I saw her in Vegas in August 2000, and she looked WRECKED... photoshop and lots of makeup, but in person she looks really odd- she's like 4'10 and her chest is so out of proportion, like an upside down pear. her lips were really stretched out and her natural lip line was all wonky. she was very bizarre.

Carmen Electra was at our post reception party and in comparison, she looked gorgeous!!! She's like a super shorty as well, but she looked so amazingly perfect- hair, skin, makeup... I was in total awe.

Originally Posted by *S. Lisa Smith* /img/forum/go_quote.gif I saw here in real life about 5 years ago when I was in Malibu surfing. She really doesn't look that good. Sorry.


----------



## CoverGirl (Feb 8, 2008)

^ I think Carmen is cute too, &amp; while she might be made up better or look younger than Pam (and is by about 5 years), I think Pamela's face is far more beautiful than hers'. Carmen either looks pretty-not stunning-&amp; feminine, or she looks very harsh/overdone imo. I think it's her eyes that make her gorgeous to everyone. Another thing is that Pamela was once very naturally pretty. Imo Carmen never has been.


----------



## luxotika (Feb 8, 2008)

I think we would all be surprised on how average celebrities would look without all the makeup and the lighting, etc.


----------



## Kookie-for-COCO (Feb 8, 2008)

When she was young she was incredible--remember how she was discovered at a ball game--incredible face--At her age now--after the life she has had with Tommy Lee, etc. etc. I'd be dead--she looks good.


----------



## CoverGirl (Feb 8, 2008)

^ Yeah she was discovered b/c she was so pretty.

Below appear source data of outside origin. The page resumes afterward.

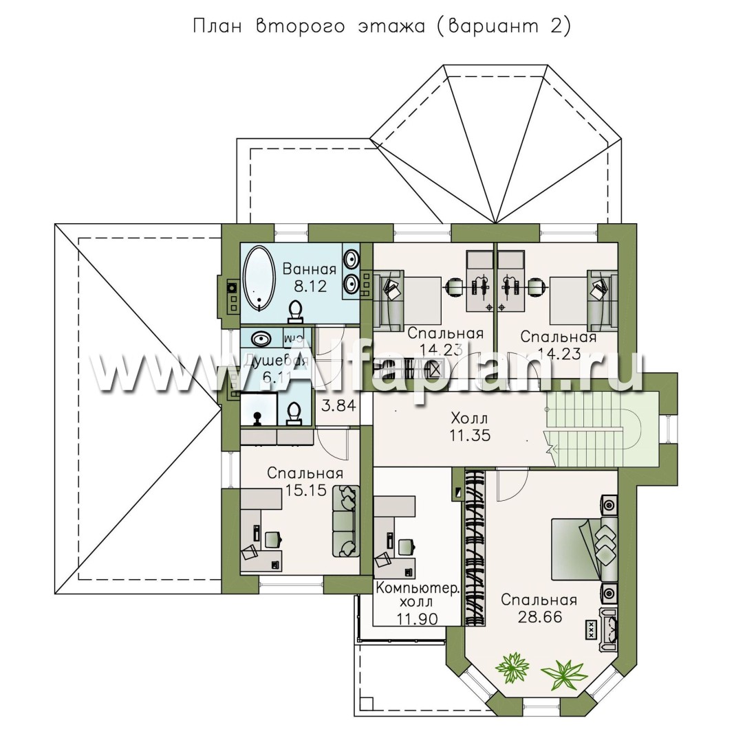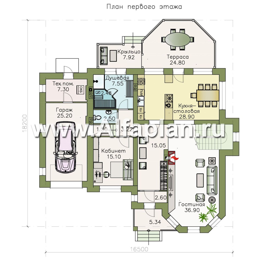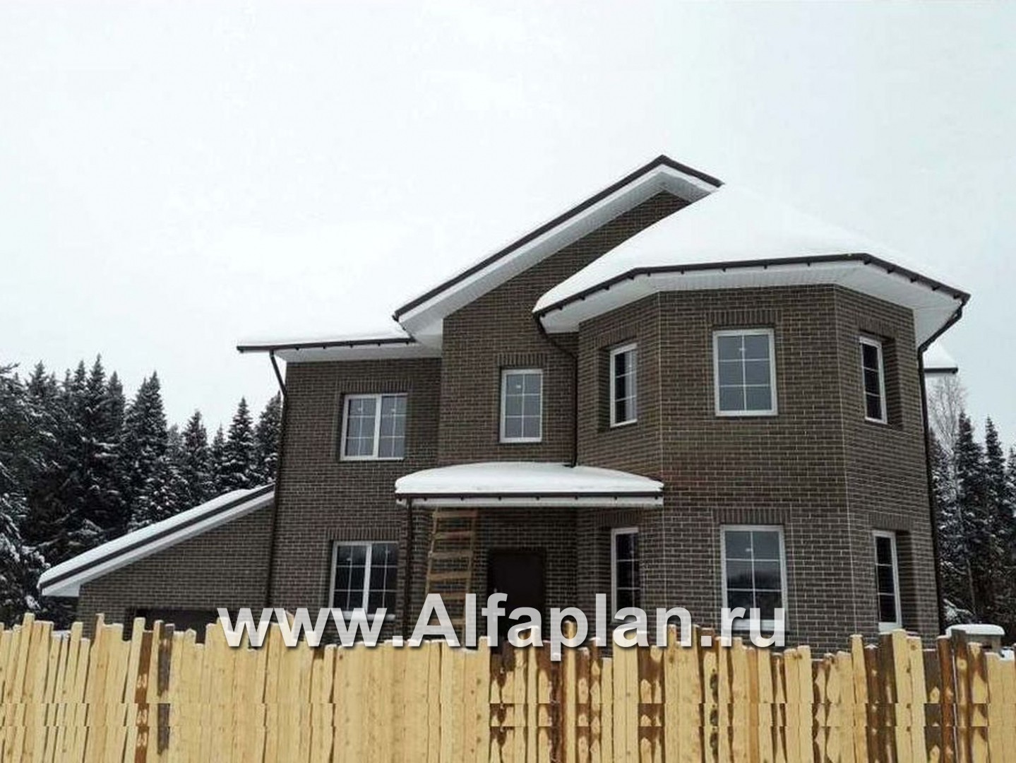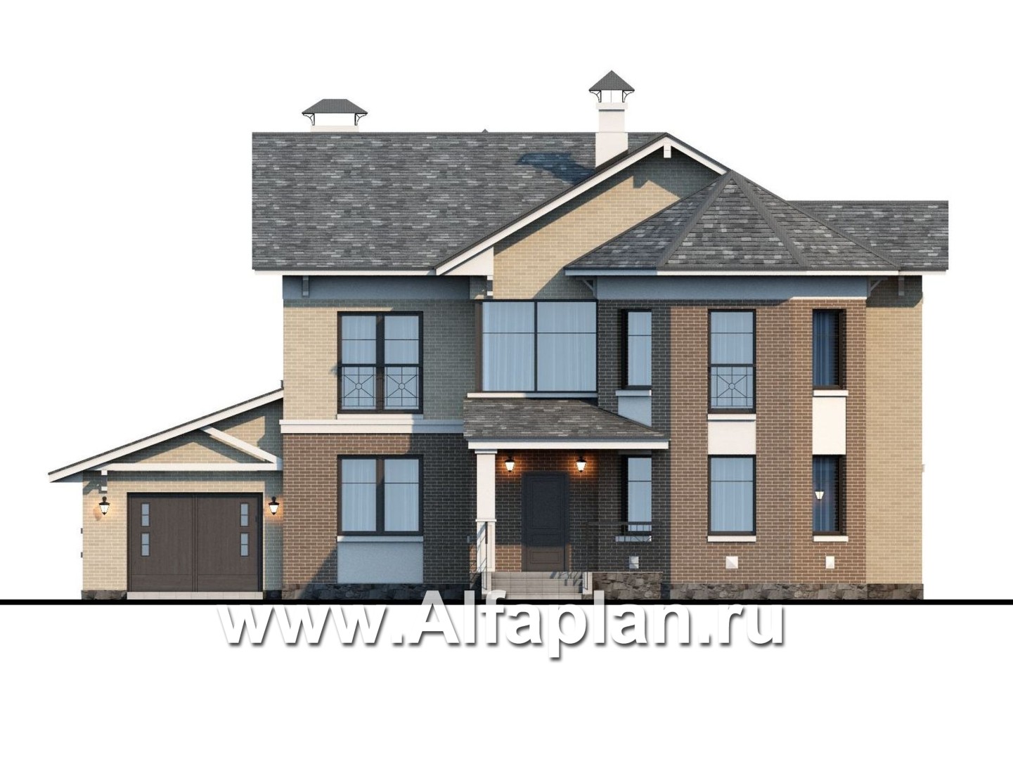 «Clever» - проект двухэтажного дома, планировка с эркером и кабинетом на 1 эт, с террасой и с гаражом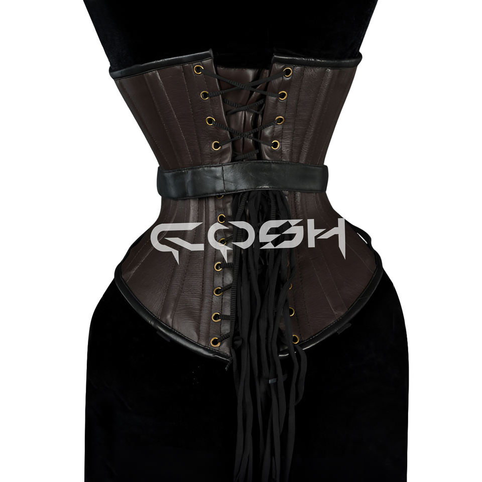 คอร์เซ็ทหนังสีน้ำตาลสไตล์สตีมพังก์แบบรัดใต้อก พร้อมตัวล็อคด้านหน้าและกระเป๋าข้าง คอร์เซ็ทสำหรับกระชับสัดส่วน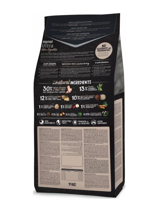 Composu00e9es d’ingru00e9dients naturels, de viande frau00eeche et pauvres en cu00e9ru00e9ale, les croquettes pour chien Ultra de Ownat</strong> assurent une assimilation optimale et un apport u00e9quilibru00e9 en fibres.</h2>n

She was just at a game, not all done up by a professional either. I think she looks good right now too. No, she's not as pretty as she was during Baywatch, but she's 40 now, is a mother of two boys, &amp; also has Hepatitis C. She also has always been a big fan of being tan. All things considered, I think she looks great.


----------



## mowgli (Feb 17, 2008)

Originally Posted by *CoverGirl* /img/forum/go_quote.gif ...a female sex symbol like Pam (arguably the biggest sex symbol of all-time) ... I really have to take issue with this. Think Marilyn Monroe (who imo is much more beautiful, feminine, and alluring) et al. 
IMO Pamela Anderson has the most common looking face (in both senses of the word). She would never have become famous off just her face, her fame was more about the blonde big breasted persona she cultivated.

And also she is not a classic beauty in that she is not very well proportioned, certainly not in body and not in face either.

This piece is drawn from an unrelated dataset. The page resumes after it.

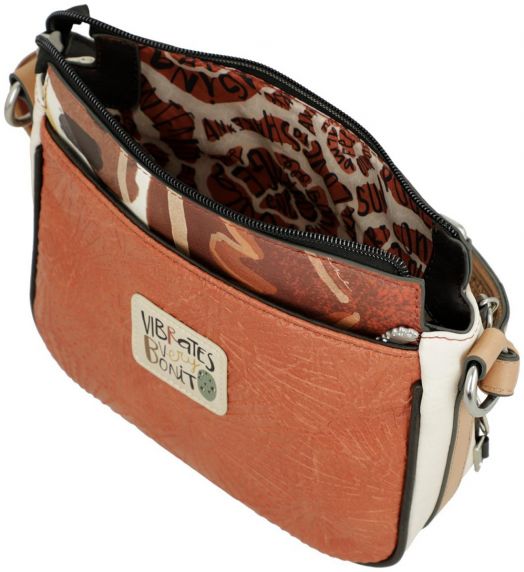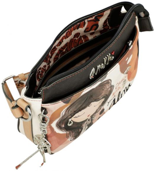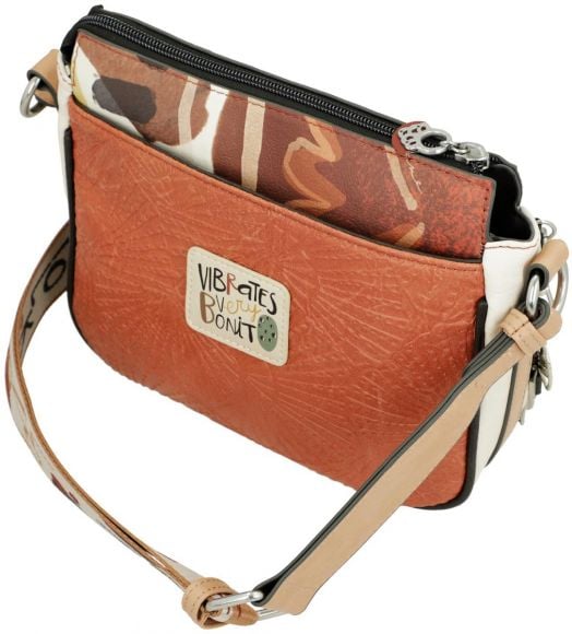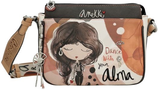 Голяма чанта за през рамо Anekke с едно отделение, затварящо се с цип, с голям вътрешен капацитет, с подплата и джобове. Моделът има два външни джоба отпред и един джоб на гърба, които осигуряват бърз достъп до най-необходимото. Презрамката е регулируема, така че винаги можете да я адаптирате към дължината, която предпочитате.

I do think she was pretty once upon a time, but thats about it.


----------



## kaylin_marie (Feb 17, 2008)

I don't think you need to argue with everybody's posts....whether they think she has a masculine body, or they think carmen electra is more attractive. To me it comes off like you're trying to start arguments with everyone and i'm sure you aren't. You made a post saying "I think PA is the most gorgeous person in the world" and seeing as how you didn't ask a question or anything people begans stating their own opinions....I don't know if you just expected everyone to say "I know totally, me too!!!" but....

ANYWAY, my opinion is that she was a very pretty girl when she was discovered, but also very typical looking. Now I think I could still say she was gorgeous if she embraced her age a little more gracefully. I know it's her style and to each their own, but I think she looks like trash most of the time I see her.

I think she would look pretty with a cut like Jenny mcarthy got recently, the kind of long asymmetrical bob, and some natural makeup.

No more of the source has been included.